Volviendo a la sala pecera, vio una enorme caja de chapa llena de forros al costado
de los baños, otra con pilas de flyers sobre la tuberculosis, el Dengue, la gripe, lo
que uno quisiera. Se llevó un preservativo por las dudas de no encontrar el suyo. Se
sentó a esperar. El señor que estaba al lado suyo se levantó cuando lo llamaron y
dejó el papel sobre tuberculosis en el asiento. La cartelería y la señalética le
recordó a la de Alemania de los años ochenta, cuando tiraba manteca al techo. La
diferencia es que estas son un poco más innecesarias, pensó, porque informan que
BA está con nosotros y un monigote nos sonríe.
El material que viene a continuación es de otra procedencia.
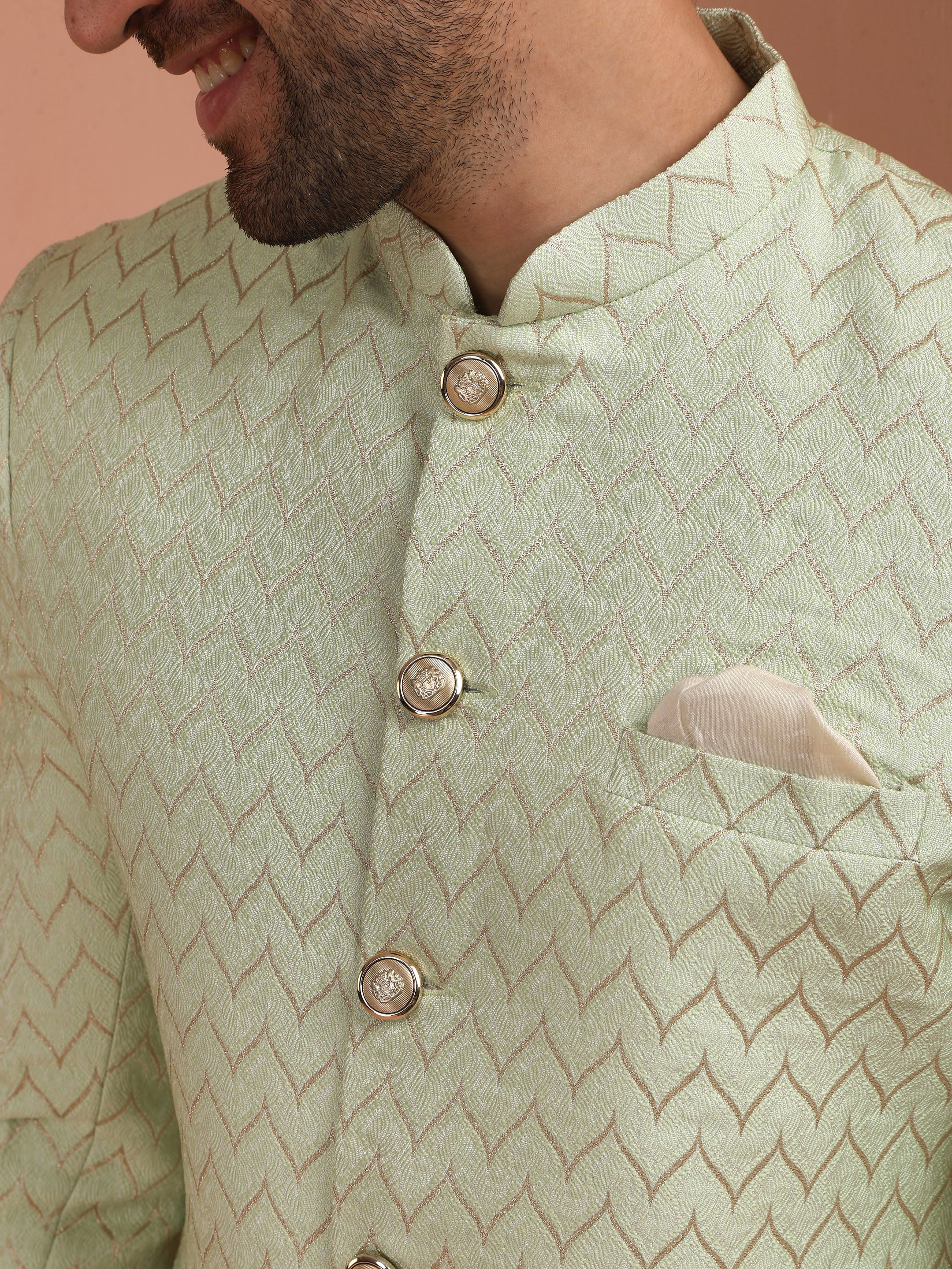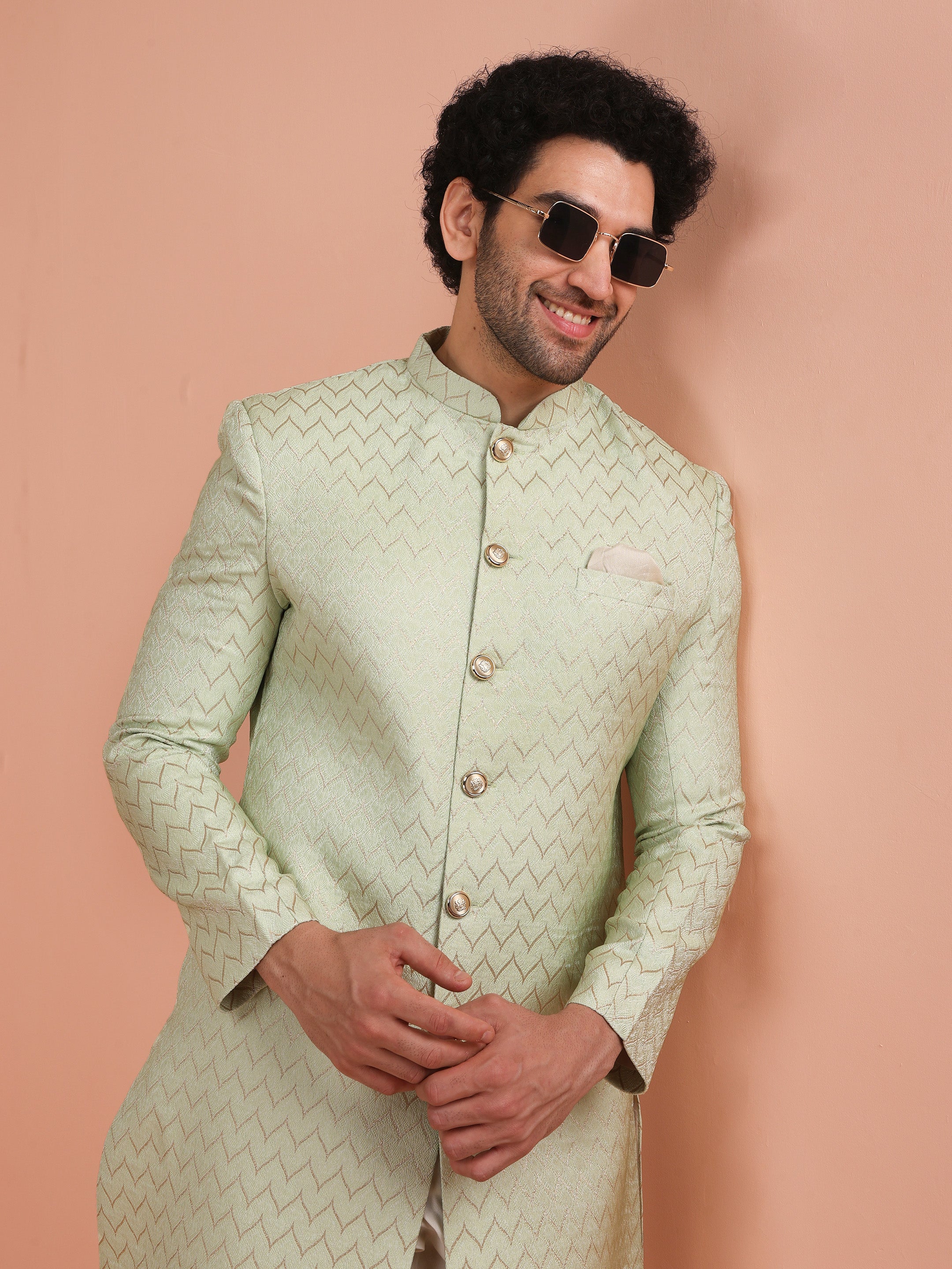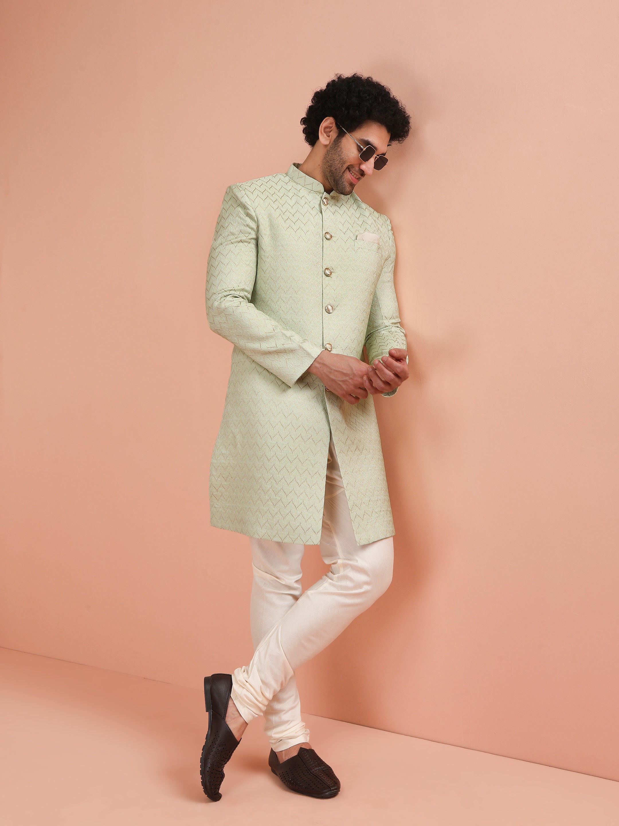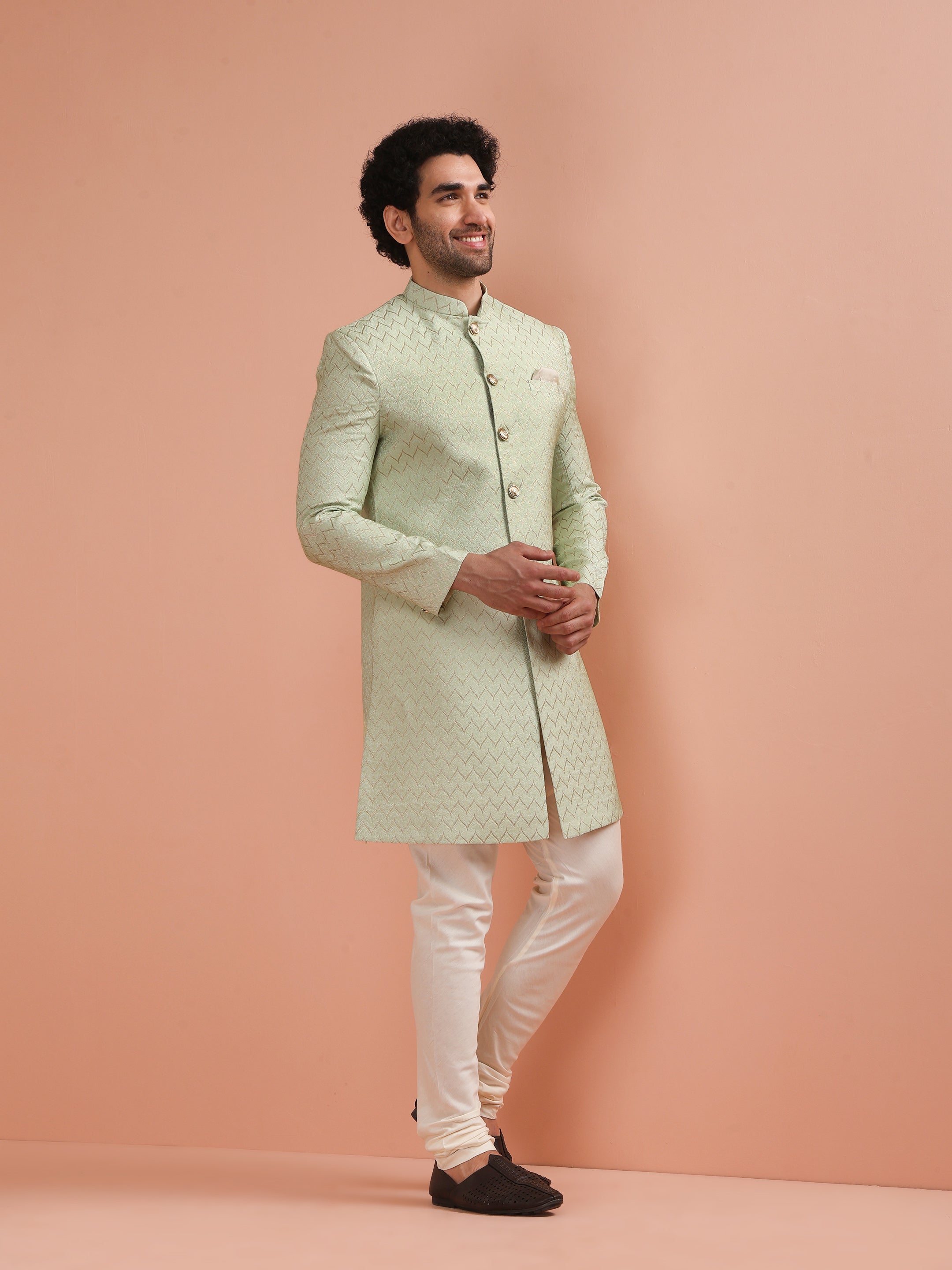 Men Green Jacquard Indowestern Churidar Set with Geometric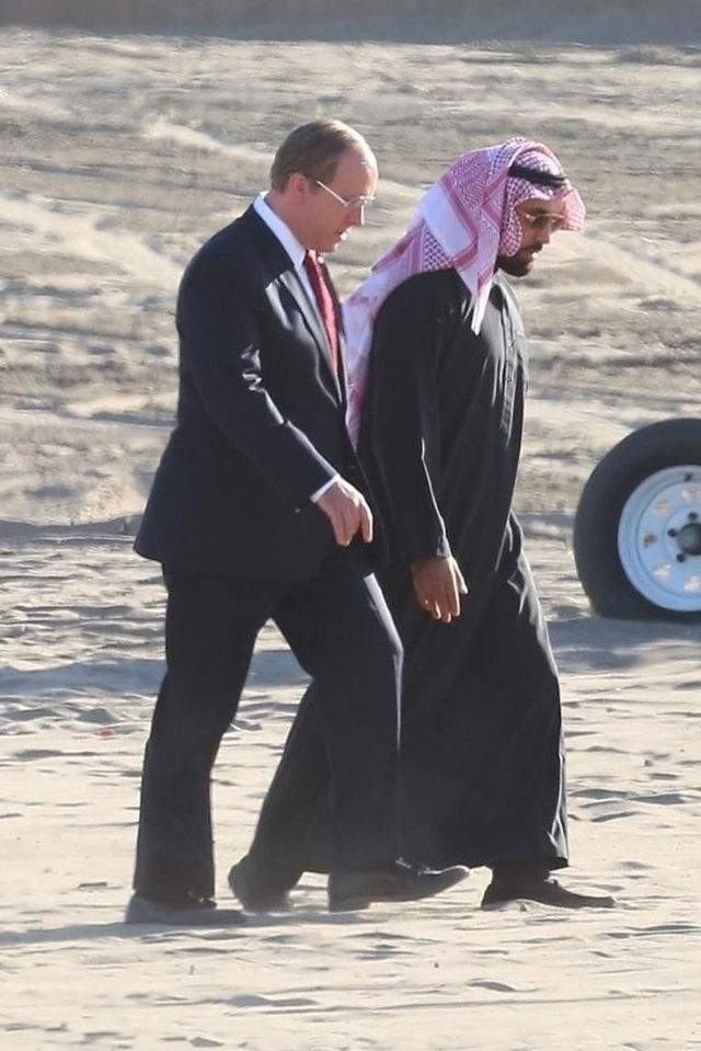 Oldukça kilo alarak Dick Cheney’e benzeyen 43 yaşındaki oyuncu, Ortadoğulu bir işadamını canlandıran rol arkadaşı ile yürürken kameraya yansıdı.

Al rato salió del CEsac con un papel que le quemaba. Se lo metió en el bolsillo. Ya
no llovía. No sabía bien para dónde ir. Eran las once. Recordó las palabras de su
hermano cuando le diagnosticaron cáncer. “Es como una granada que llevás en el
bolsillo”. Al otro día, ella cumpliría cincuenta y cinco años. La misma edad que su
madre cuando…
En la puerta del Vélez estaban los vendedores de chipá y tortas fritas.
Compró una y se la metió en el bolsillo.
Mejor que una granada era, o que un papel mojado.